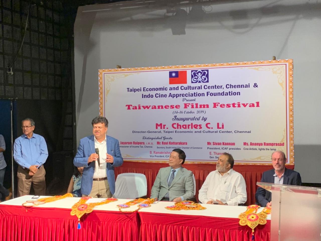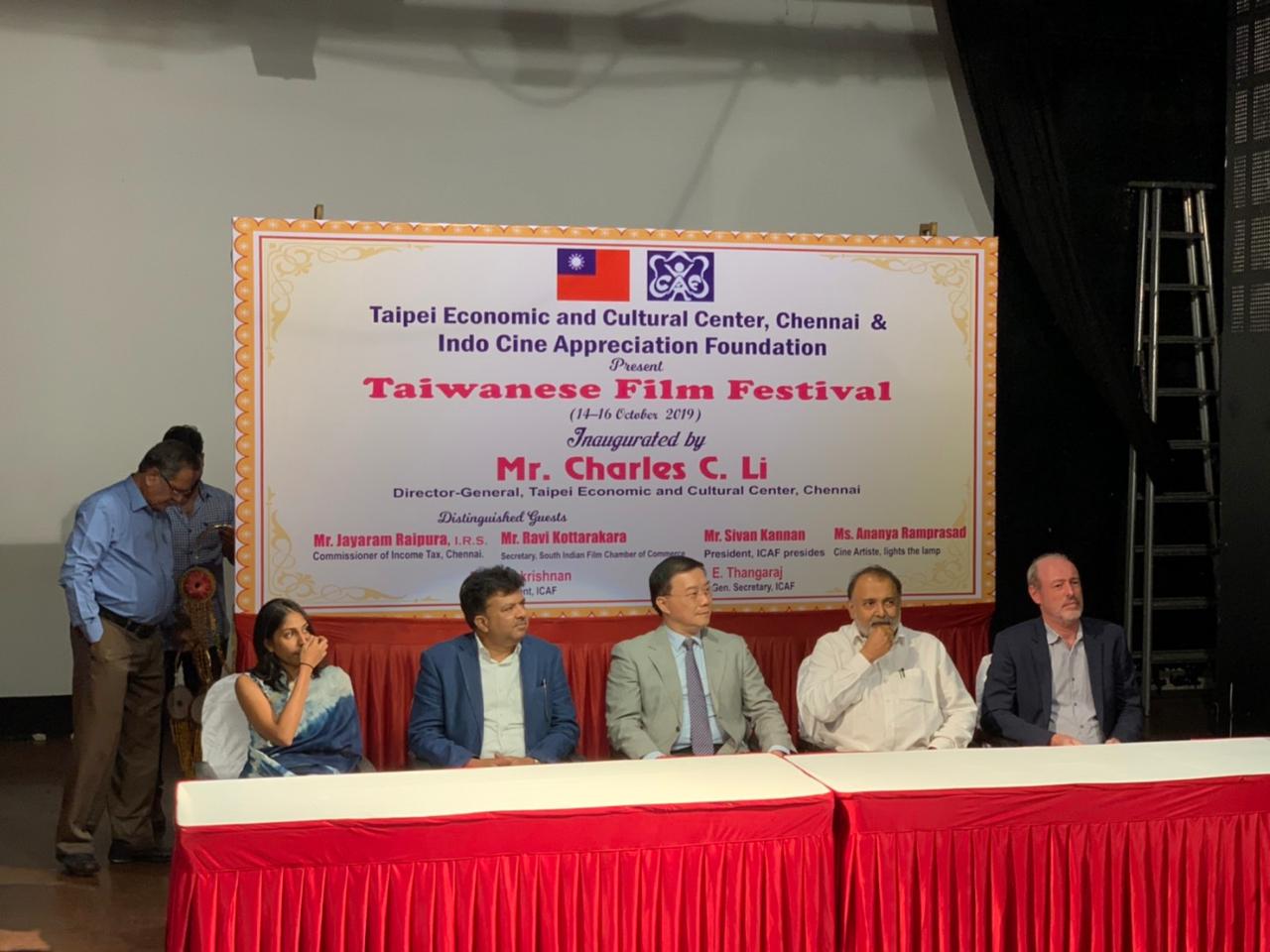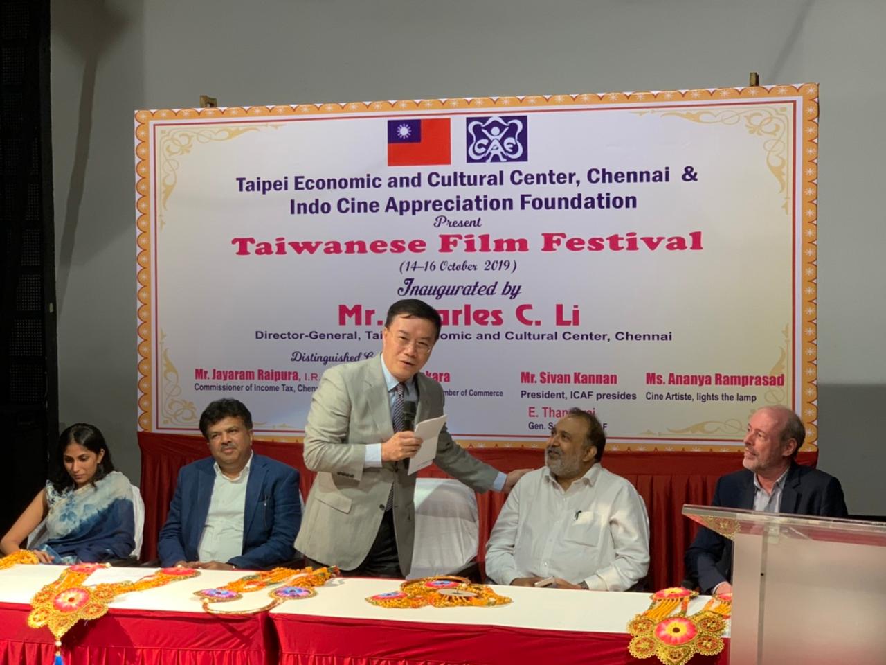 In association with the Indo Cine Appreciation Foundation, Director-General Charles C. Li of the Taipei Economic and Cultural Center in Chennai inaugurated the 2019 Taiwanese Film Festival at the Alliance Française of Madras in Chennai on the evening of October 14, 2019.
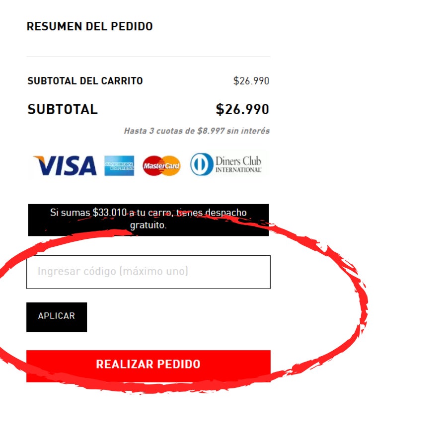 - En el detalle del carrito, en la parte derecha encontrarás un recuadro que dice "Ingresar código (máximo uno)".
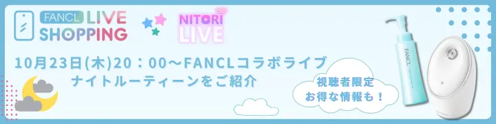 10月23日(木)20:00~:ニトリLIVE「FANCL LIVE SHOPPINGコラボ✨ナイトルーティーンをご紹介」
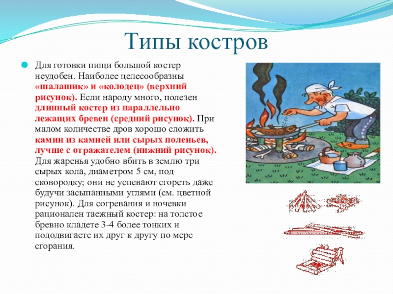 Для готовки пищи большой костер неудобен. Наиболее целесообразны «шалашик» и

============

▸ **Problem**
Return every line above verbatim, pictures excluded.

▸ **Result for this exercise**
 In association with the Indo Cine Appreciation Foundation, Director-General Charles C. Li of the Taipei Economic and Cultural Center in Chennai inaugurated the 2019 Taiwanese Film Festival at the Alliance Française of Madras in Chennai on the evening of October 14, 2019.
 - En el detalle del carrito, en la parte derecha encontrarás un recuadro que dice "Ingresar código (máximo uno)".
 10月23日(木)20:00~:ニトリLIVE「FANCL LIVE SHOPPINGコラボ✨ナイトルーティーンをご紹介」
 Для готовки пищи большой костер неудобен. Наиболее целесообразны «шалашик» и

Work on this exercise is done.